Leave every image out, and print the remaining lines below exactly.

(INFORMATION PROVIDED begins)

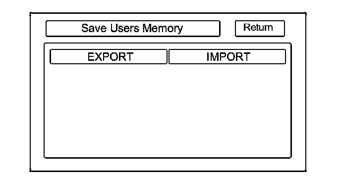 When replacing the audio-navigation unit, this function allows the dealer to transfer the customer's personal data to the new audio-navigation unit. The transferred information includes their Setup settings, and personal addresses. The dealer inserts a PC card to the audio-navigation unit, and then selects the Save Users Memory function. The two functions in this diagnostic screen are EXPORT and IMPORT. EXPORT saves the customer's data to the PC card, and IMPORT moves the PC card files to the new audio-navigation unit.
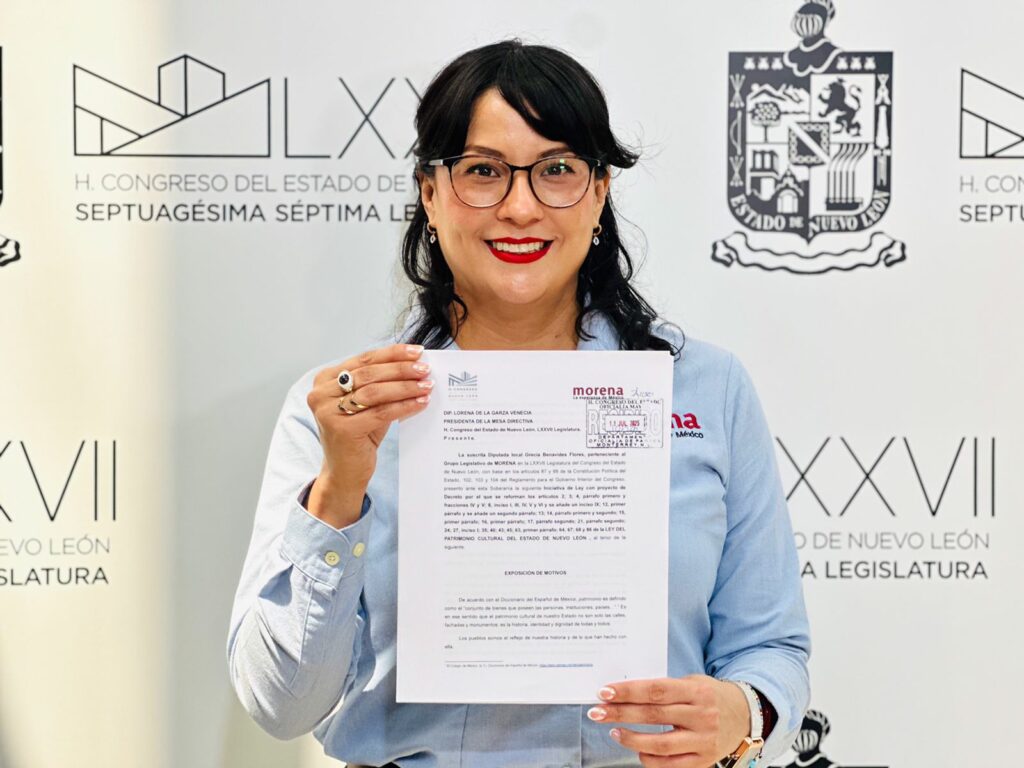 Monterrey, NL.- Con el objetivo de transformar la protección del patrimonio cultural en una política pública efectiva y con base legal, la diputada local Grecia Benavides, del Grupo Legislativo de Morena, presentó una iniciativa de reforma a la Ley del Patrimonio Cultural del Estado de Nuevo León. La propuesta busca que el Gobierno estatal esté obligado a asignar presupuesto, publicar un catálogo oficial y reconocer legalmente a los Barrios Históricos como zonas protegidas.
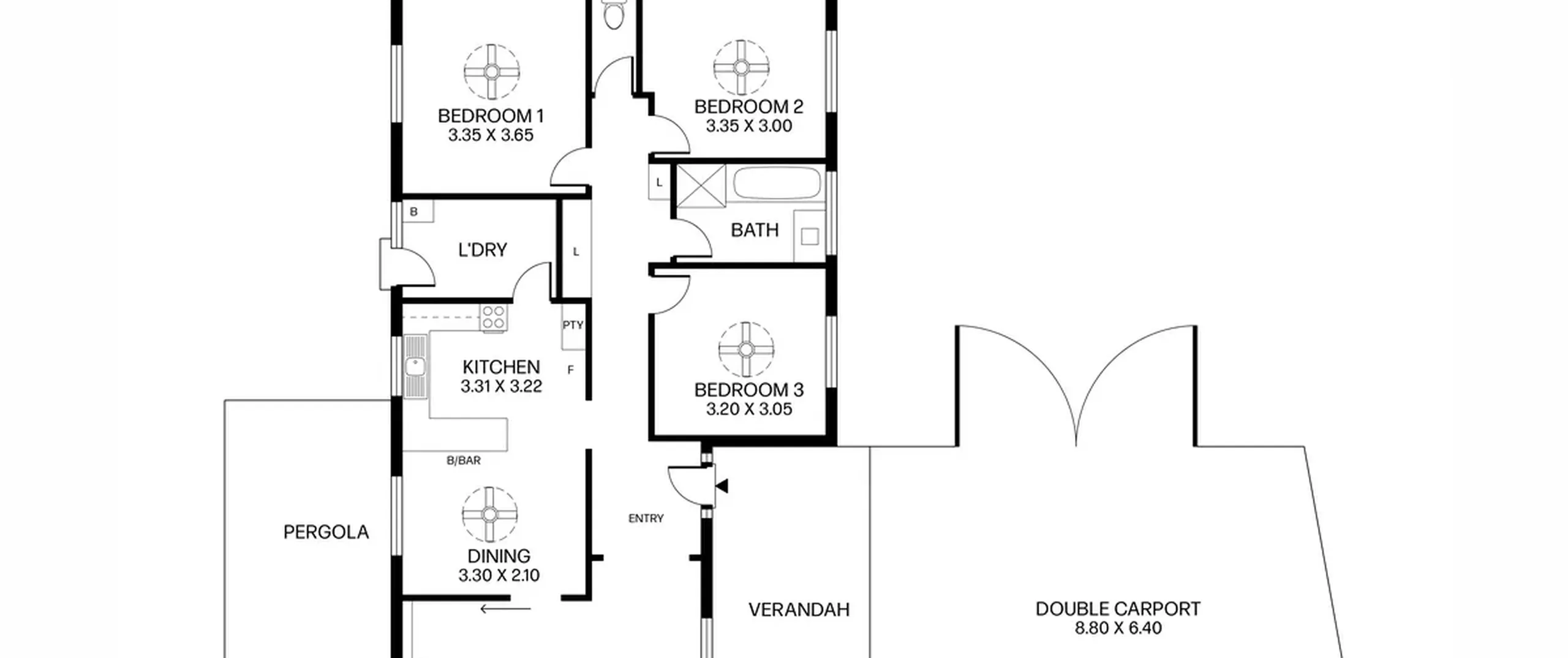 - 3 large bedrooms with ceiling fans

(INFORMATION PROVIDED ends)

_RESULT_
 When replacing the audio-navigation unit, this function allows the dealer to transfer the customer's personal data to the new audio-navigation unit. The transferred information includes their Setup settings, and personal addresses. The dealer inserts a PC card to the audio-navigation unit, and then selects the Save Users Memory function. The two functions in this diagnostic screen are EXPORT and IMPORT. EXPORT saves the customer's data to the PC card, and IMPORT moves the PC card files to the new audio-navigation unit.
 Monterrey, NL.- Con el objetivo de transformar la protección del patrimonio cultural en una política pública efectiva y con base legal, la diputada local Grecia Benavides, del Grupo Legislativo de Morena, presentó una iniciativa de reforma a la Ley del Patrimonio Cultural del Estado de Nuevo León. La propuesta busca que el Gobierno estatal esté obligado a asignar presupuesto, publicar un catálogo oficial y reconocer legalmente a los Barrios Históricos como zonas protegidas.
 - 3 large bedrooms with ceiling fans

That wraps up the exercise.